Given the records underneath, please repeat exactly the lines from the line with "- Сумка Tote" through the line with "Decrease quantity for", passing over any picture.
### SOURCE RECORDS ###
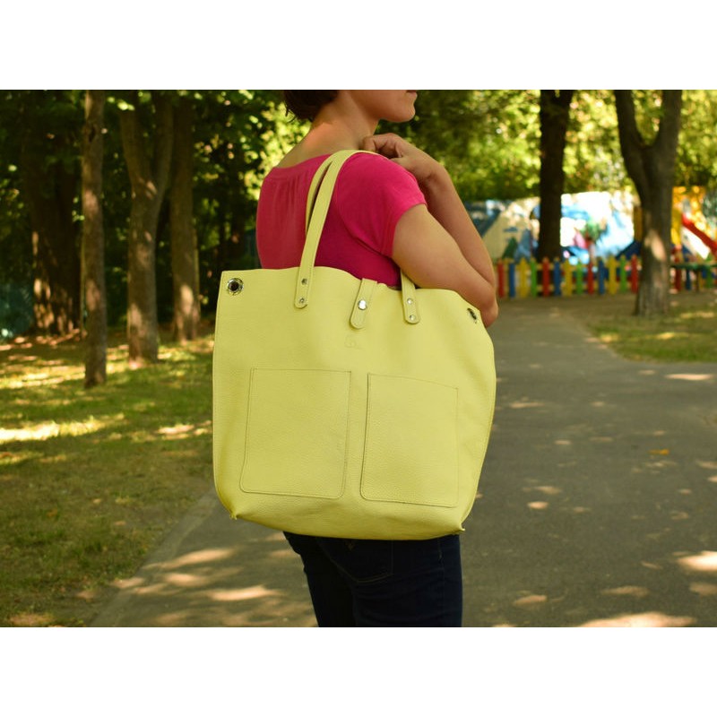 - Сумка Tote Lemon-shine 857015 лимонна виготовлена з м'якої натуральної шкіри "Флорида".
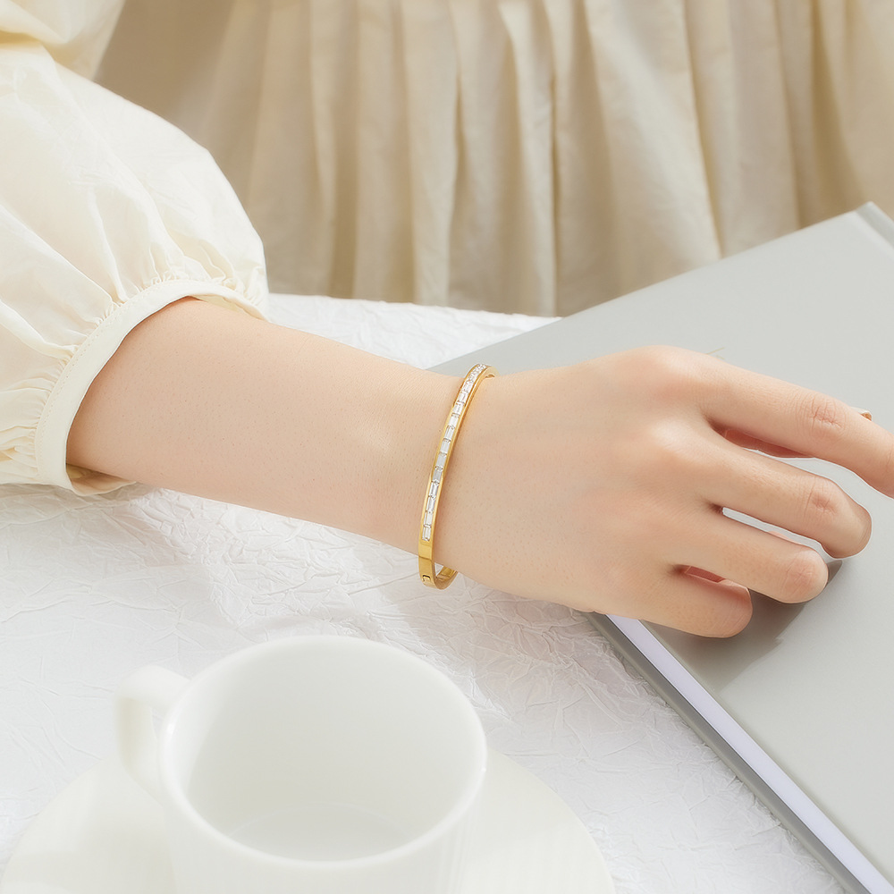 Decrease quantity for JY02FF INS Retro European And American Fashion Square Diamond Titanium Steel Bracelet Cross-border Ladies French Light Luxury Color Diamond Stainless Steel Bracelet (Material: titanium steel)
###
### SOURCE RECORDS ###
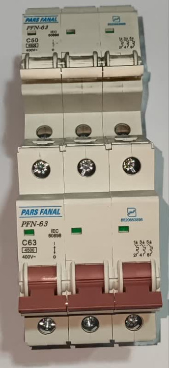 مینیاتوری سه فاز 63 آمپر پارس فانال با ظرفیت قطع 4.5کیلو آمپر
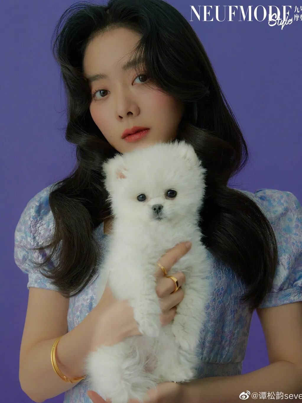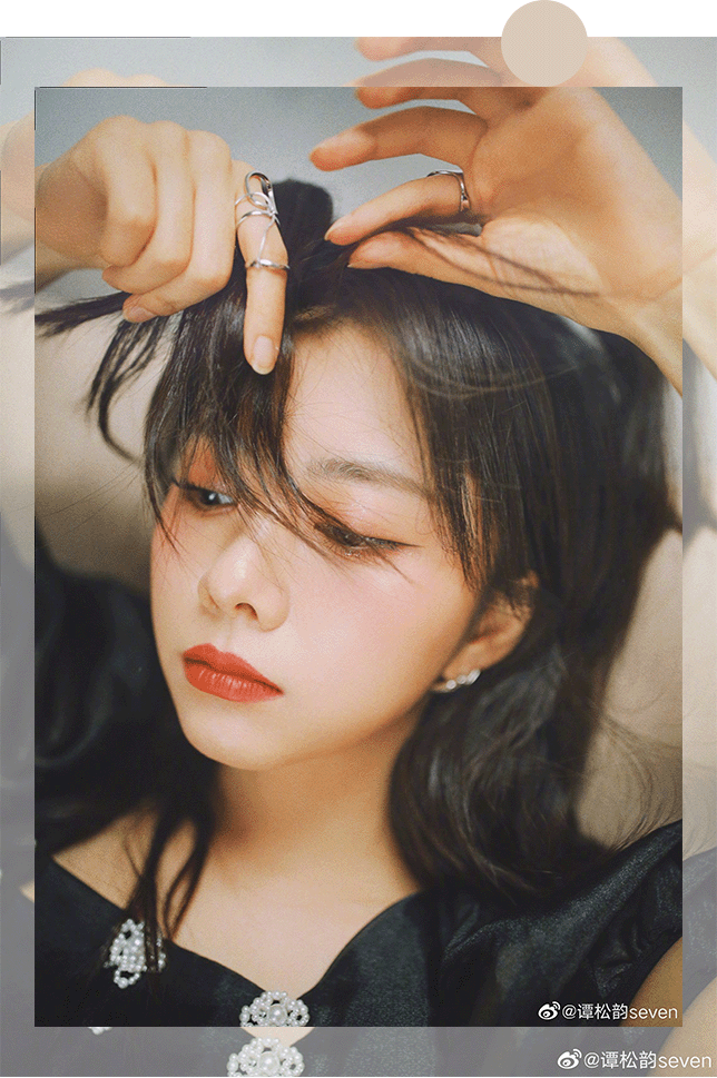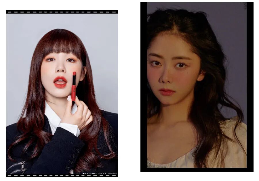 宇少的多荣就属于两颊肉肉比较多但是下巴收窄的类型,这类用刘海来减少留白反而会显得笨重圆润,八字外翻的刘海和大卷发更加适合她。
###
▶ [ANSWER SPACE]:
 - Сумка Tote Lemon-shine 857015 лимонна виготовлена з м'якої натуральної шкіри "Флорида".
 Decrease quantity for JY02FF INS Retro European And American Fashion Square Diamond Titanium Steel Bracelet Cross-border Ladies French Light Luxury Color Diamond Stainless Steel Bracelet (Material: titanium steel)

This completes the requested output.